The objective function to optimize is:

${\displaystyle G^{*}=arg\ min_{G}\ max_{D}\ L_{cGAN}(G,D)}$

Adding the conditioning turns the loss into cGAN’s loss function:

${\displaystyle L_{cGAN}(G,D)=E_{x,y}[logD(x,y)]+E_{x,z}[log(1-D(x,G(x,z)))]}$

Pix2Pix implements a possible objective function for image-to-image translation with GANs. The adversarial objective is mixed with a traditional loss, such as L1 or L2 distance. In this setting, the discriminator is the same as a conventional cGAN. The generator aims at fooling the discriminator (cGAN loss), but also at producing images close to the groundtruth according to the L1/L2 loss. The loss adopted in Pix2Pix is the L1 loss:

${\displaystyle L_{L1}(G)=E_{x,y,z}[||y-G(x,z)||_{1}]}$

The resulting objective function that the cGAN Pix2Pix[3] optimizes is:

${\displaystyle G^{*}=arg\ min_{G}\ max_{D}\ L_{cGAN}(G,D)+\lambda L_{L1}(G)}$

where ${\displaystyle \lambda }$is a parameter that controls the effect of the L1 and the GAN terms in the loss. Both the components of this objective are important. Using L1 alone produces reasonable but blurry output images. On the other hand, using the cGAN objective alone, the results are sharper but can have visual artifacts [3].

#### Optimization

The optimization procedure for cGANs follows the original GAN's training approach [2], using gradient descent. It alternates between one gradient descent step on the discriminator and one step on the generator. In practice, instead of training the generator to minimize ${\displaystyle log(1-D(x,G(x,z)))}$, it is trained to maximize ${\displaystyle log(D(x,G(x,z)))}$.

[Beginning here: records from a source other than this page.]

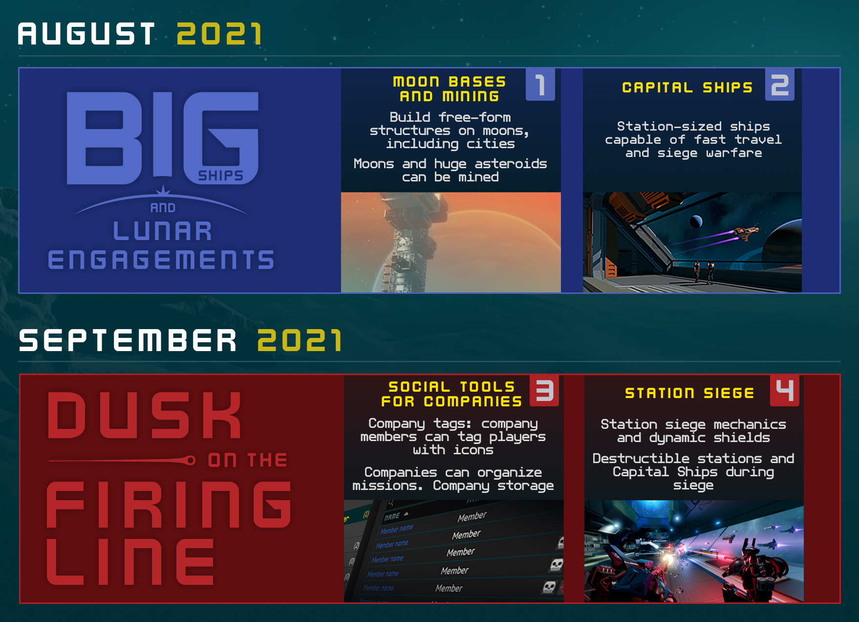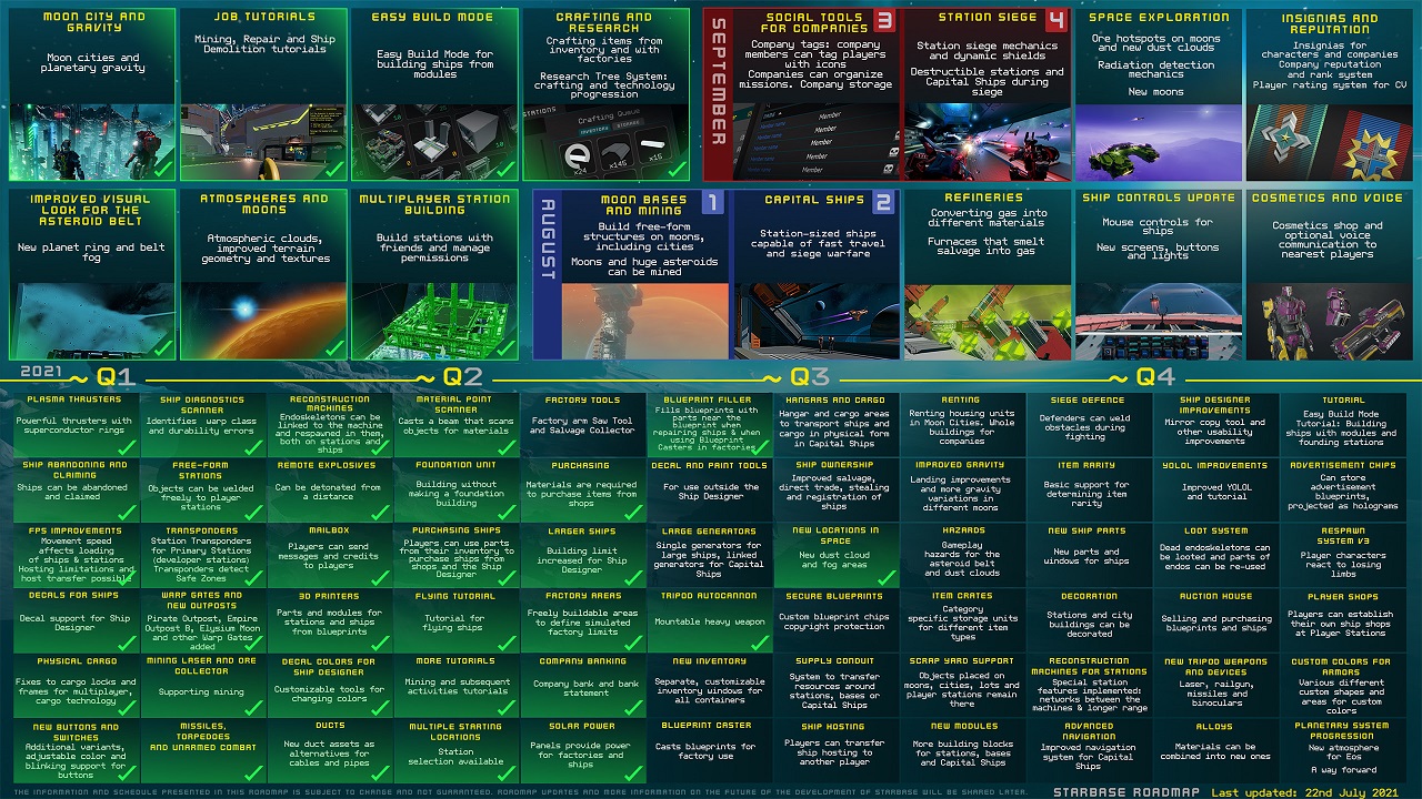 Après un premier report, Starbase confirme : la simulation spatiale sortira bien le 29 juillet prochain en accès anticipé pour la modique somme de 32,99€ sur Steam. Ils profitent de l’annoncer pour présenter les deux premières mises à jour majeures qui sortiront respectivement au mois d’août et septembre (voir image ci-dessous). La première apportera des bases lunaires et les vaisseaux amiraux. La seconde des outils pour gérer sa compagnie et les sièges de stations spatiales. Une feuille de route très complète est aussi visible ci-dessous ou disponible à cette adresse.
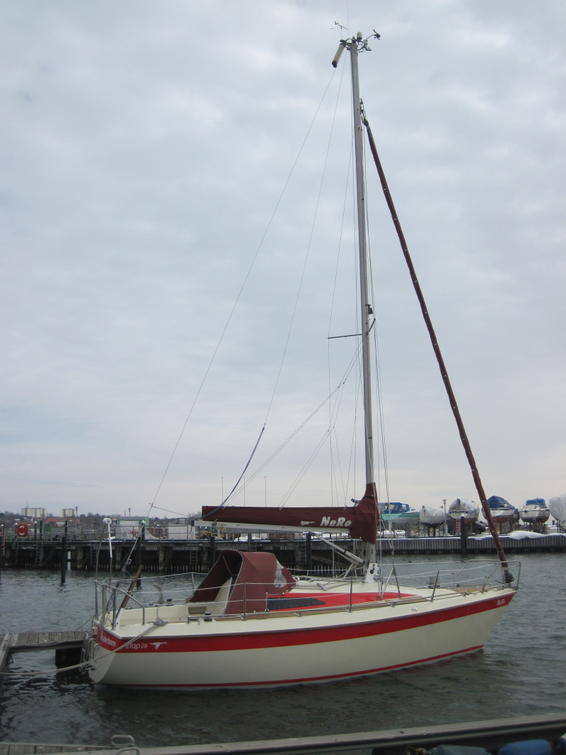 Neustadt Arcora Marina 0700 Uhr bin wieder auf den Beinen um den Rest zu erledigen. Zuerst anfange das rostige Vorschiff, den Vorstagbeschlag musste ich abnehmen und reinigen und polieren, dann wieder montiert. Mit der Zahnbürste und einem Spezialreiniger dann um die Bugkorb, Rellingstützen, Klampen, Ankerkastenscharniere und um den neuen Bodenbelag geschruppt. Danach großflächg die lackieren Flachen und den Bodenbelag gereinigt, eine Sauarbeit das bei Temeraturen um den Gefrierpunkt. Dann war de Ankerkasten dran, nachdem dem auch dieser glänzte konnte ich die ANkerleine mit Kette und Anker anschlagen und verstauen. Nun das Vorsegel auf angeschlagen und eingerollte, das alles mit der Persening abgedeckt. Nun war das Großsegel an der Reihe anschlagen und das Großsegelbergesystem montiert, Reffleinen belegt. Nun alle Leinen ins Cockpit auf die Klemmen gelegt. Nun war es Zeit das ganze Boot zu reinigen, also Pütz raus und schruppen was das Zeug hällt. 1200 Uhr fast alles soweit erledigt das ich nach Paderborn fahren kann. Ankunft in PB kurz nach 1700 Uhr. Ich bin total erledigt von der vielen Maloche. Den Rest von dem Rost werden ich beim ersten Törn entfernen und die Lackteile mit einem Hartwachs versiegeln desweiteren alle Chromteile neu polieren. Daten des Tages |
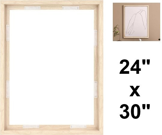 MCS canvas float wooden frame with Velcro adhesive for canvas paintings - 24" x 30" - natural woodgrain - (model: 67422)
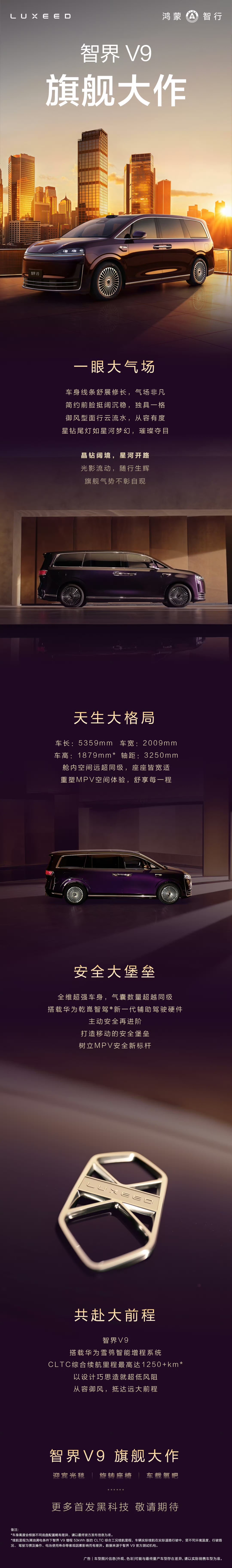 IT之家 1 月 9 日消息,鸿蒙智行正持续预热旗下首款 MPV 车型 —— 智界 V9,今天午间,官方公布了新车的部分亮点信息。
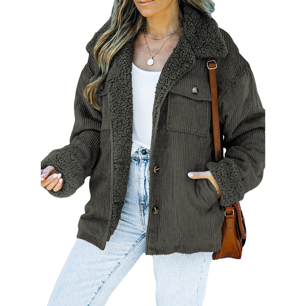 (gray, S) Chase Secret Corduroy Sherpa Jacket for Women Button Down Fleece Collar Winter Warm Coat
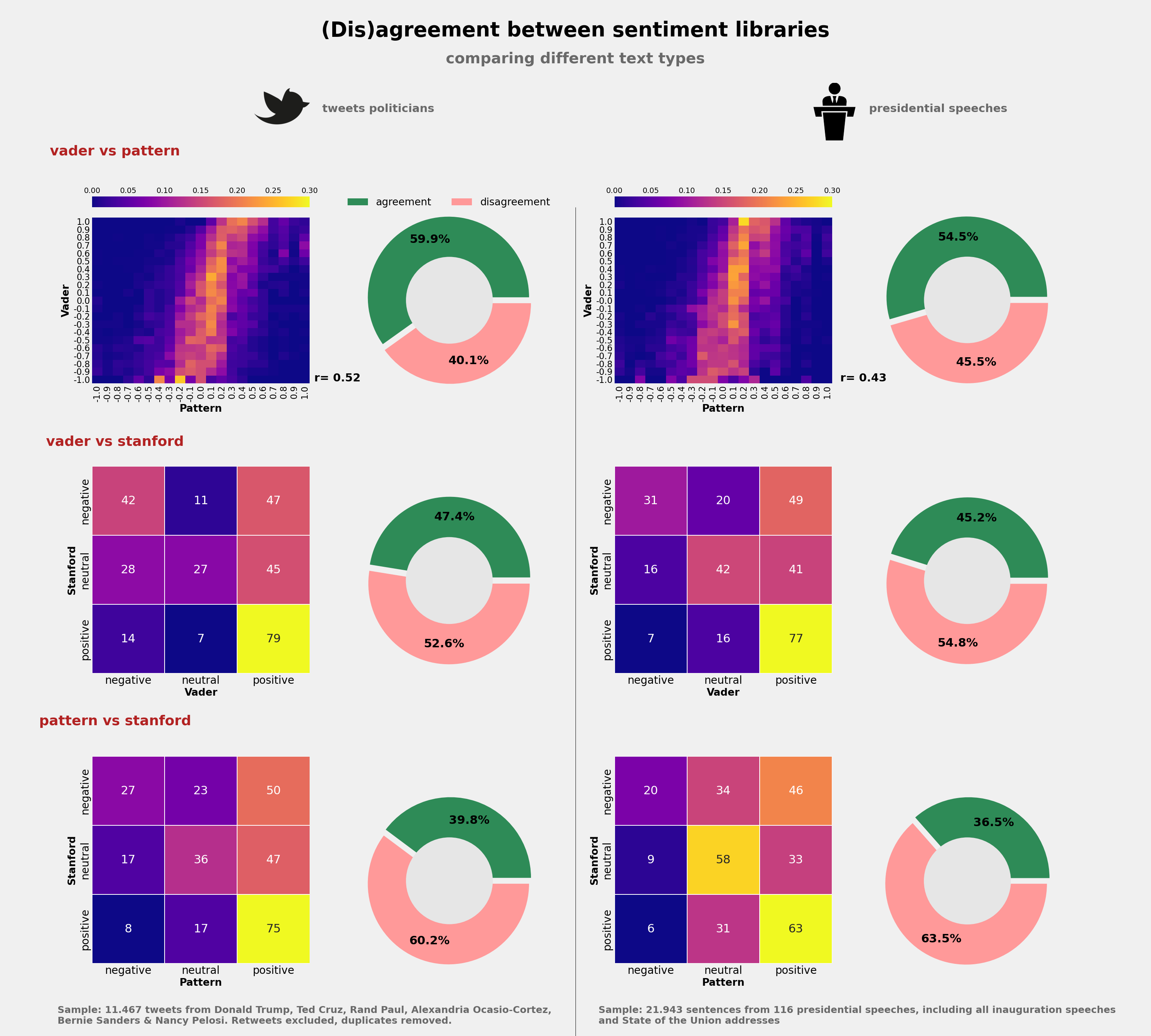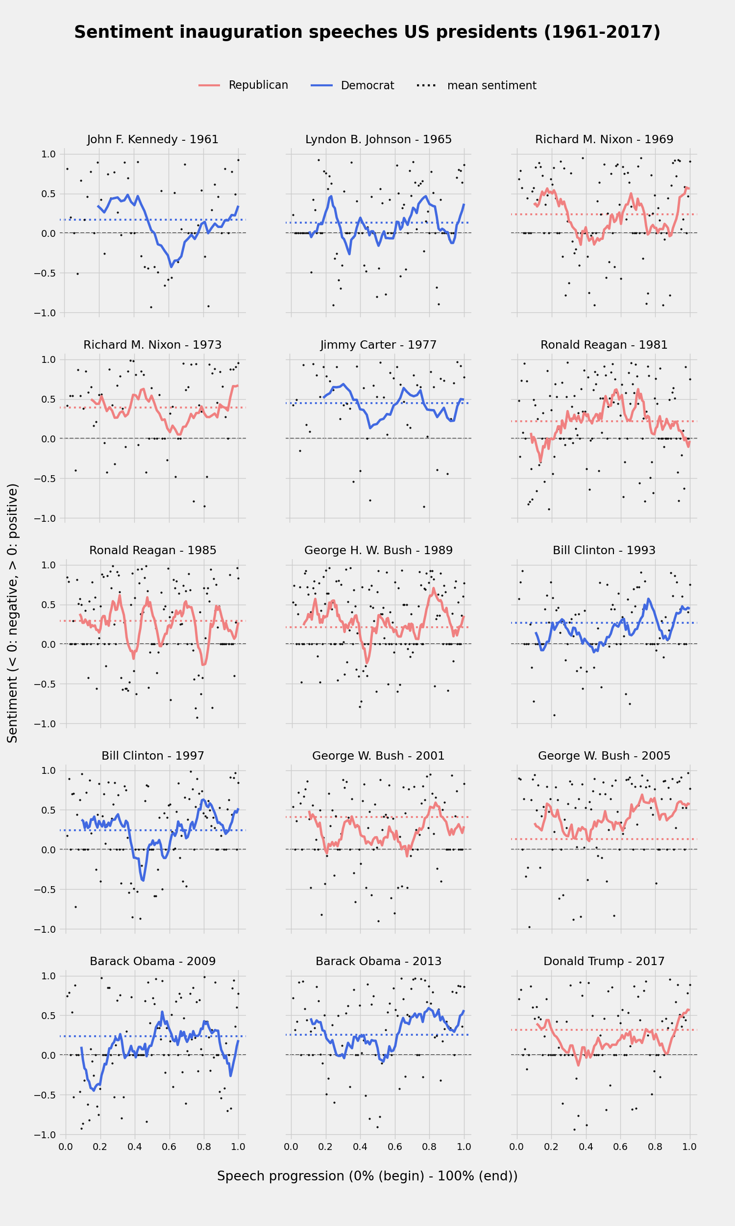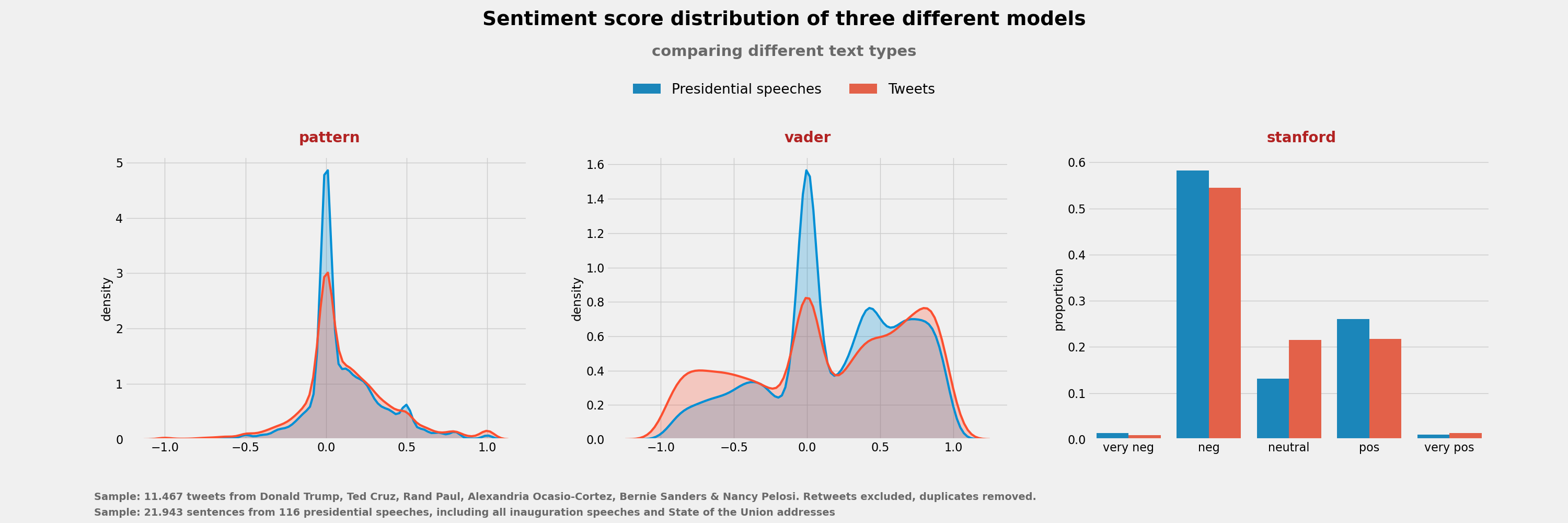 **Context** - These datasets were produced as part of a little research project I undertook for a blog post on sentiment analysis, which you can access here: https://bit.ly/32PmWdf - I uploaded a more extensive dataset of presidential speeches on Kaggle here: https://bit.ly/2E7Fmvw **Content** The datasets were created to compare sentiment scores across two text types (tweets versus political speeches) and three sentiment models (Pattern, Vader and the polarity model incorporated in Stanford CoreNLP). ***- sentiment_speeches_Kaggle.csv: *** The dataset contains sentiment codings (Pattern,Vader & Stanford model) for al inauguration and state of the union speeches of US presidents since 1917 on sentence level. **-sentiment_tweets°Kaggle.csv:** The dataset contains sentiment codings (Pattern,Vader & Stanford model) for a sample of around 11500 tweets of US politicians (Donald J. Trump (Rep.), Rand Paul (Rep.),Ted Cruz (Rep.), Alexandria Ocasio-Cortez (Dem.), Nancy Pelosi (Dem.) and Bernie Sanders (Dem.)). The sentiment polarity has been computed on tweet-level, not sentence-level. I simply scraped the last 2000-ish tweets of each timeline using the GetOldTweets module for Python. You can read more about the data collection process in the aforementioned blog post (https://bit.ly/32PmWdf). **Distribution of sentiment scores**  ** Some example analyses ** - The fact that the analyses of presidential speeches has been performed on sentence-level makes an analysis of polarity-development within the same text extremely easy. For example, one can easily plot the polarity scores across a single inaugural speech, like I did here for the inaugural addressees since JFK:  - One could also compare how these models code a particular tweet or speech and index the amount of (dis)agreement betwene the different models:  You can read more about the data collection, wrangling and analysis process in the aforementioned blog post.

### Applications and results

Conditional GANs, and in particular Pix2Pix, have been successfully applied in many image-to-image translation tasks. Here there are some examples from the original paper[3]:

• From street labels to street photograph. This mapping translates from a label map to a corresponding image
Cityscapes labels to street photograph
• From street photograph to street label (semantic segmentation) It is possible to notice that cGANs can translate in both directions between the two domains, althought a different model is required for each translation.
Semantic Segmentation
• From map to aerial photo and vice versa.
Map to aerial photo and aerial photo to map
• From day to night photograph
Day to night photograph
• From edges to photograph. The two examples show that the cGAN works both with detected edges and with hand-drawn edges; the results are not very plausible in the latter case, due to the unlikely shape of the edges.
Detected edges to photograph
Hand-drawn edges to photograph
• From thermal map to color RGB image
Thermal map to RGB image

### Discussion and conclusions

• CGANs condition the model on additional inputs. This allows one to direct the data generation, providing control on modes of the synthesized data.
• CGANs require less human intervention in the process of building the model compared to standard Neural Networks, since there is no need to define an hand-crafted loss for each specific task.
• The method is completely general and the field of application is really wide. These networks learn a loss adapted to the task and to the data provided during training, which makes them applicable in a wide variety of settings. The Pix2pix framework has been applied to a large variety of image-to-image translation tasks, far beyond the scope of the original paper[3].

• CGANs appear to be effective on problems where the output is highly detailed or photographic. On the other hand, in vision problems like semantic segmentation, where the output is less complex than the input, they appear to have a worse performance compared to already existing methods[3].
• CGANs can only be used for paired image translation, i.e. the training set consists of pairs of images from the input and the target domain. Other methods have been developed to deal with unpaired image translation.
• A cGAN model is specific for a particular couple of domains, the ones used during the training process. In other words, the translation performed by cGANs is limited to two domains, one for the input and one for the target image. For every pair of image domains, a specific model must be trained.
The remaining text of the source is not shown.